[Start of section]
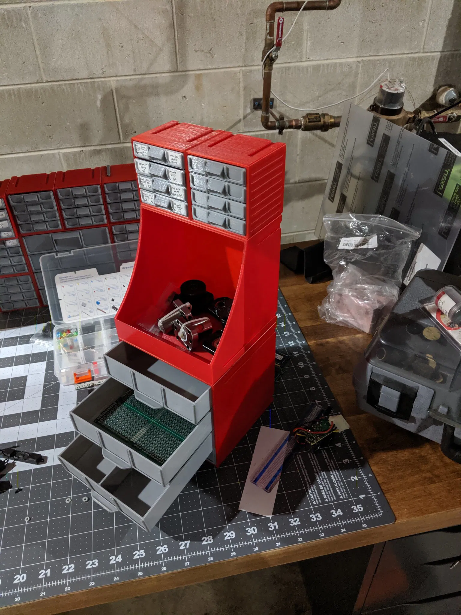 Tôi đã thêm phiên bản sâu gấp đôi, rộng gấp đôi, cao gấp đôi với các biến thể trên ngăn kéo. Còn nhiều điều nữa đang đến, cần nhiều máy in hơn để in nhanh hơn! Ảnh sẽ đến sau khi hoàn thành. Đã di chuyển tay cầm trên các phiên bản Rev2 xuống dưới để loại bỏ hỗ trợ cho các ngăn kéo lớn hơn và cho phép một nhãn thứ ba trượt vào.
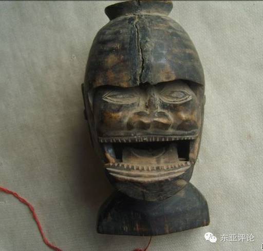 中国古老的“蚩尤戏”亦是战争的产物。上古时代,部落间战事频仍,黄帝蚩尤大战是其中规模最大的战争之一。《述异记》记载:“蚩尤氏耳鬓如剑戟,头有角,与轩辕斗,以角抵人,人不能向。”“以角抵人”的描写表明蚩尤采用了徒手战术,然而在大规模战争中采用徒手战术是危险且荒唐可笑的,毕竟肉体的力量无法抵御武器的威力,所以“以角抵人”应是战争巫术行为,具有取悦战神、威吓敌方的威力。所谓“耳鬓如剑戟”、“头有角”则是蚩尤在主持这场战争巫术仪式时的化装形态。《史记·乐书》记载:“其民三三两两,头戴兽角而相抵,名唤‘蚩尤戏’。”这进一步证明了其化装扮演的实质,这与“傩”的扮演性质具有共通之处,均是人类原初信仰的产物。
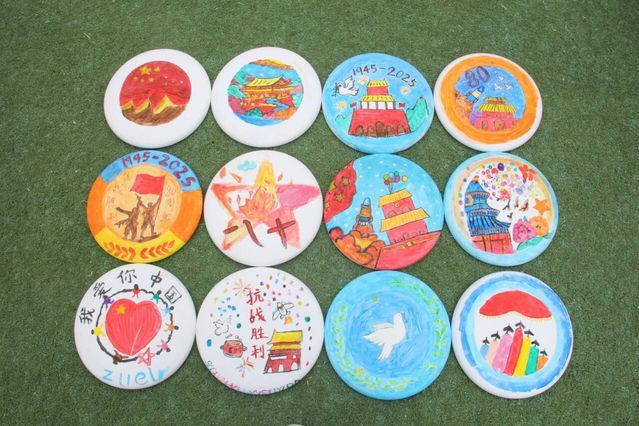 在飞盘DIY环节,各组同学在60分钟内充分发挥创意,以飞盘为画布,用色彩和图案表达对革命先辈的缅怀,以实践行动弘扬伟大抗战精神,表达真挚的爱党爱国爱社会主义情感。
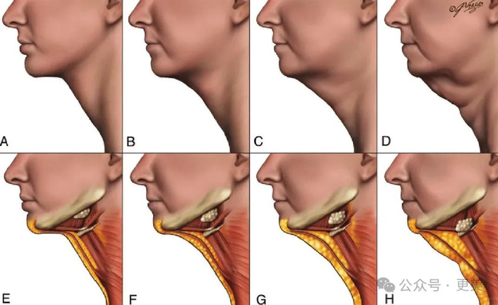 当衰老来临,韧带和肌肉的拉力衰退,软组织各层次贴合性变差,脂肪室受到的约束力减弱,就会出现膨出,进而导致下颌缘模糊。
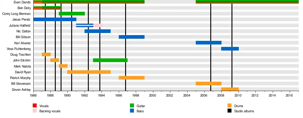 | Past members | Vess Ruhtenberg Corey Loog Brennan John Strohm Doug Trachten Jesse Peretz Devon Ashley Nic Dalton David Ryan Patrick Murphy Ben Daughtry Byron Hoagland Josh Lattanzi John Kent Mark "Budola" Newman Karl Alvarez Bill Stevenson P. David Hazel Kenny Lyon Mark Cutsinger Ben Deily Juliana Hatfield |
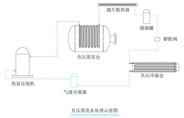 負(fù)壓蒸發(fā)首先將負(fù)壓倉內(nèi)的廢水加熱至40度左右,開啟真空泵將真空倉內(nèi)的壓力降至-90Kpa左右,廢水沸騰后水蒸氣進入殼管換熱器進行冷凝,變成冷凝水。當(dāng)熱量溢出時,四通閥自動切換,改為蒸發(fā)器散熱,以保證機組的正常工作。真空倉的廢水在水蒸氣蒸發(fā)后結(jié)晶成固廢,盡可能的減少廢水對環(huán)境的破壞。固廢可以用于焚燒發(fā)電或者掩埋處理。
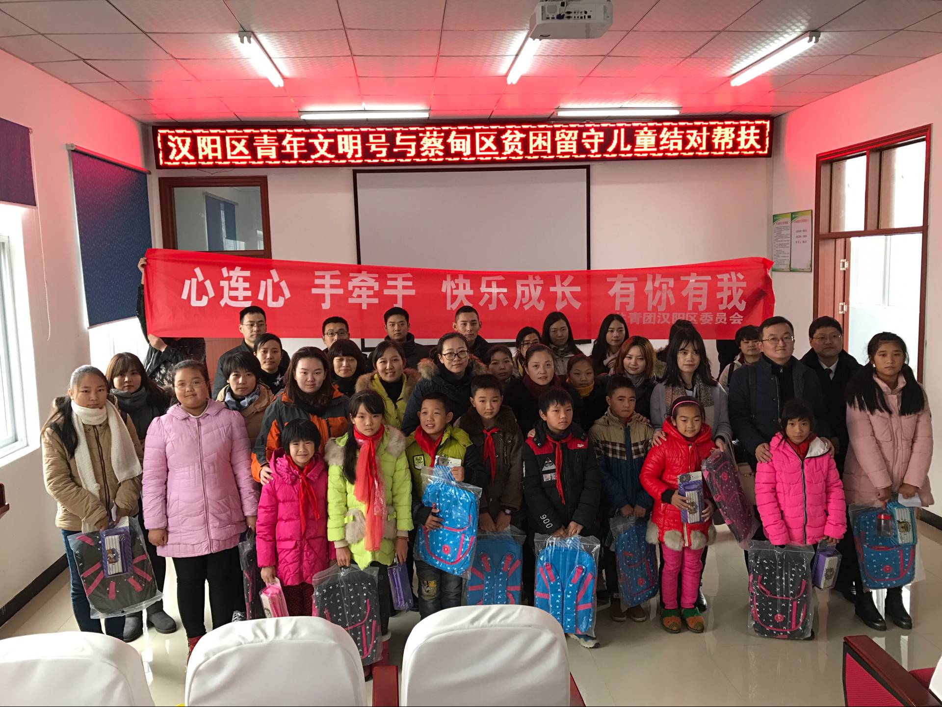 11月24日,為認(rèn)真落實(shí)共青團(tuán)助力脫貧攻堅(jiān)電視電話會(huì)議精神,根據(jù)“關(guān)愛(ài)留守兒童,助力精準(zhǔn)扶貧”行動(dòng)整體安排,漢陽(yáng)團(tuán)區(qū)委組織全區(qū)20個(gè)市級(jí)以上青年文明號(hào)單位赴蔡甸區(qū)消泗鄉(xiāng),集中慰問(wèn)幫扶貧困留守兒童,并進(jìn)行現(xiàn)場(chǎng)結(jié)對(duì),我公司參與了此次慰問(wèn)幫扶活動(dòng)。
[End of section]
[Requirement]
What is needed is an exact transcription of the lines from the one holding "在飞盘DIY环节,各组同学在" to the end of the data, with every picture left out.

[Result of this exercise]
 在飞盘DIY环节,各组同学在60分钟内充分发挥创意,以飞盘为画布,用色彩和图案表达对革命先辈的缅怀,以实践行动弘扬伟大抗战精神,表达真挚的爱党爱国爱社会主义情感。
 当衰老来临,韧带和肌肉的拉力衰退,软组织各层次贴合性变差,脂肪室受到的约束力减弱,就会出现膨出,进而导致下颌缘模糊。
 | Past members | Vess Ruhtenberg Corey Loog Brennan John Strohm Doug Trachten Jesse Peretz Devon Ashley Nic Dalton David Ryan Patrick Murphy Ben Daughtry Byron Hoagland Josh Lattanzi John Kent Mark "Budola" Newman Karl Alvarez Bill Stevenson P. David Hazel Kenny Lyon Mark Cutsinger Ben Deily Juliana Hatfield |
 負(fù)壓蒸發(fā)首先將負(fù)壓倉內(nèi)的廢水加熱至40度左右,開啟真空泵將真空倉內(nèi)的壓力降至-90Kpa左右,廢水沸騰后水蒸氣進入殼管換熱器進行冷凝,變成冷凝水。當(dāng)熱量溢出時,四通閥自動切換,改為蒸發(fā)器散熱,以保證機組的正常工作。真空倉的廢水在水蒸氣蒸發(fā)后結(jié)晶成固廢,盡可能的減少廢水對環(huán)境的破壞。固廢可以用于焚燒發(fā)電或者掩埋處理。
 11月24日,為認(rèn)真落實(shí)共青團(tuán)助力脫貧攻堅(jiān)電視電話會(huì)議精神,根據(jù)“關(guān)愛(ài)留守兒童,助力精準(zhǔn)扶貧”行動(dòng)整體安排,漢陽(yáng)團(tuán)區(qū)委組織全區(qū)20個(gè)市級(jí)以上青年文明號(hào)單位赴蔡甸區(qū)消泗鄉(xiāng),集中慰問(wèn)幫扶貧困留守兒童,并進(jìn)行現(xiàn)場(chǎng)結(jié)對(duì),我公司參與了此次慰問(wèn)幫扶活動(dòng)。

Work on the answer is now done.